*Exercise goal:* Once the line holding "Sterling Silver 2" is written out, stop; begin at the first line of the material below and retype exactly, dropping pictures.

[Start of Attachment]

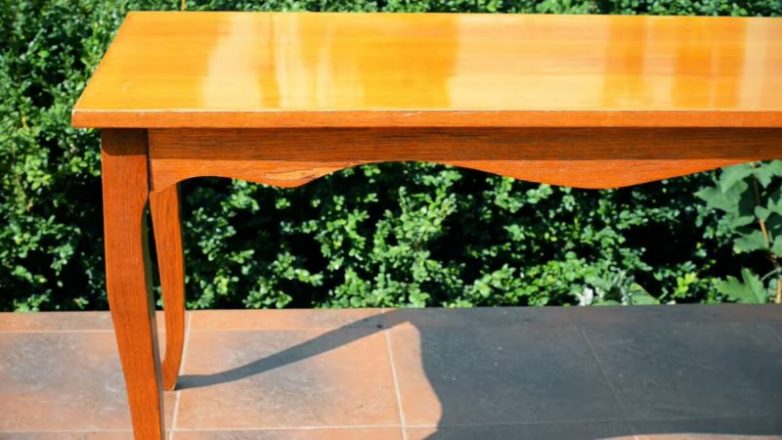 Шлифуем поверхность, убирая старый лак с поверхности стола.
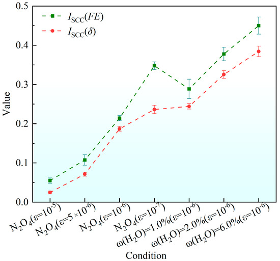 At the same strain rate, the ISCC values—evaluated both by fracture energy (FE) and critical crack opening displacement (δ)—exhibited an increasing trend with rising water content ω(H2O) in the N2O4 environment. Prolonged immersion in N2O4 promotes the formation of a substantial oxide layer on the alloy surface, which provides a certain degree of corrosion inhibition.
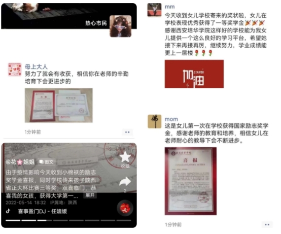 看到孩子的进步是家长们最开心的时刻,通过晒照、分享,家长们表达自己的喜悦和激动。王祺加家长表示:喜报千里迢迢从西北到达东南,送来了孩子的荣誉。作为家长,收到学校这么大的礼包,我们非常惊喜。感谢星空·官方站网页版的精心栽培,相信这四年本科生活,一定会给孩子留下终生难忘的记忆。
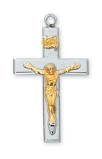 Sterling Silver 2 Tone Crucifix on 18" Chain
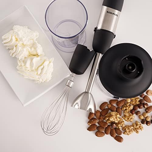 Taurus Batidora de mano con 1000W de potencia, 20 velocidades, función Turbo, diseño anti salpicaduras, cuchillas de acero inoxidable de 4 filos, accesorios picador, vaso medidor y emulsionador
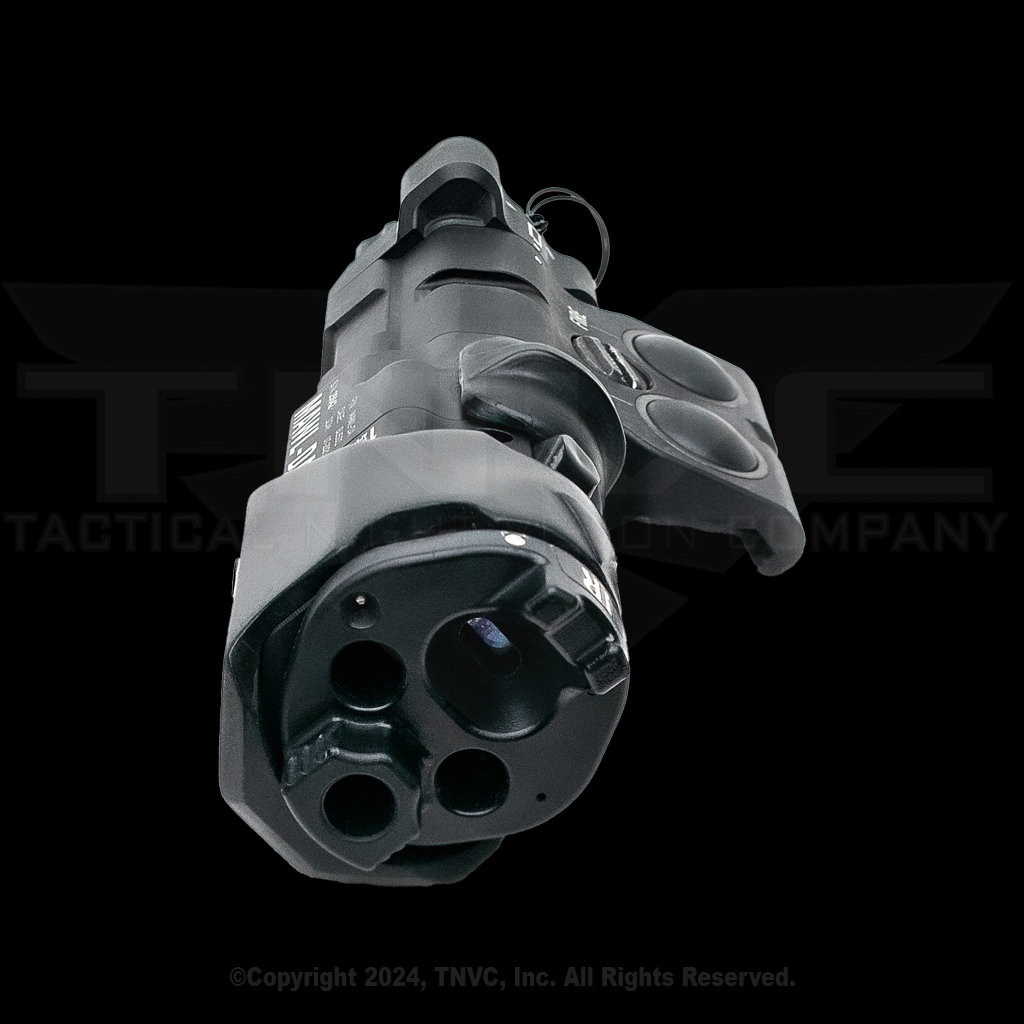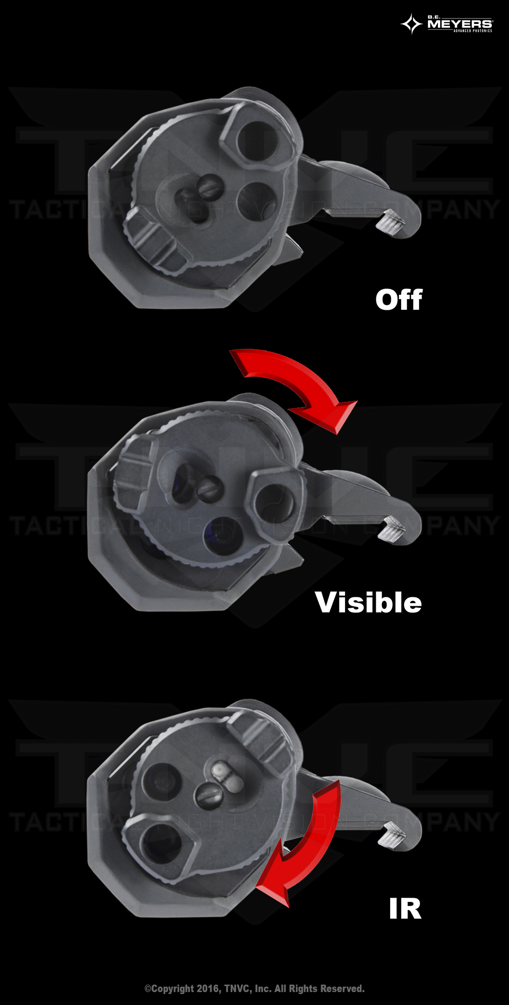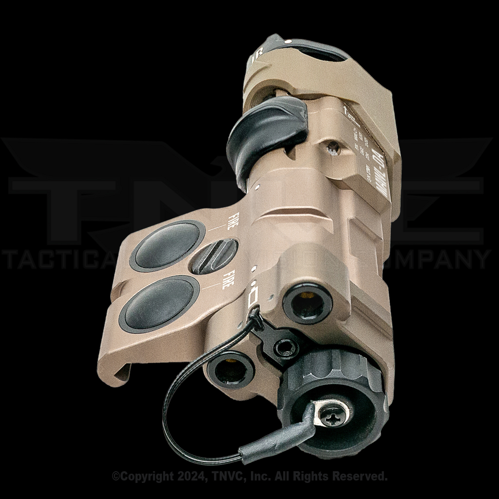 Controls are incredibly intuitive.  Output modes are switched by rotating the front bezel to expose the appropriate emitter.  OFF = all emitters covered.  VIS = Only Visible Green emitter exposed.  IR = Only IR Laser Pointer and IR Laser Illuminator emitters exposed.  Onboard controls include two “fire” buttons (“A” and “B”) that control the illuminator beam divergence and pattern. The beams are pre focused to optimal FOV and power at various power outputs.  Output power control is accomplished with a top-mounted tactile sliding switch.  The switch output mode is easy to determine through feel and has three positions for “SHORT,” “MID,” and “LONG” range modes.  This means there is no fumbling through complex dial adjustments around the clock in the dark.  Everything is rapid and effortless!  B. E. Meyers has continued to integrate end-user and operational feedback to improve the functionality of the MAWL, with the addition of two more functions using a “Triple Click” beginning in 2021 and several revisions to the beam divergence and output to continue to make the MAWL one of the most intuitive and functional lasers available on the market.

[End of Attachment]

*Answer to the problem:*
 Шлифуем поверхность, убирая старый лак с поверхности стола.
 At the same strain rate, the ISCC values—evaluated both by fracture energy (FE) and critical crack opening displacement (δ)—exhibited an increasing trend with rising water content ω(H2O) in the N2O4 environment. Prolonged immersion in N2O4 promotes the formation of a substantial oxide layer on the alloy surface, which provides a certain degree of corrosion inhibition.
 看到孩子的进步是家长们最开心的时刻,通过晒照、分享,家长们表达自己的喜悦和激动。王祺加家长表示:喜报千里迢迢从西北到达东南,送来了孩子的荣誉。作为家长,收到学校这么大的礼包,我们非常惊喜。感谢星空·官方站网页版的精心栽培,相信这四年本科生活,一定会给孩子留下终生难忘的记忆。
 Sterling Silver 2 Tone Crucifix on 18" Chain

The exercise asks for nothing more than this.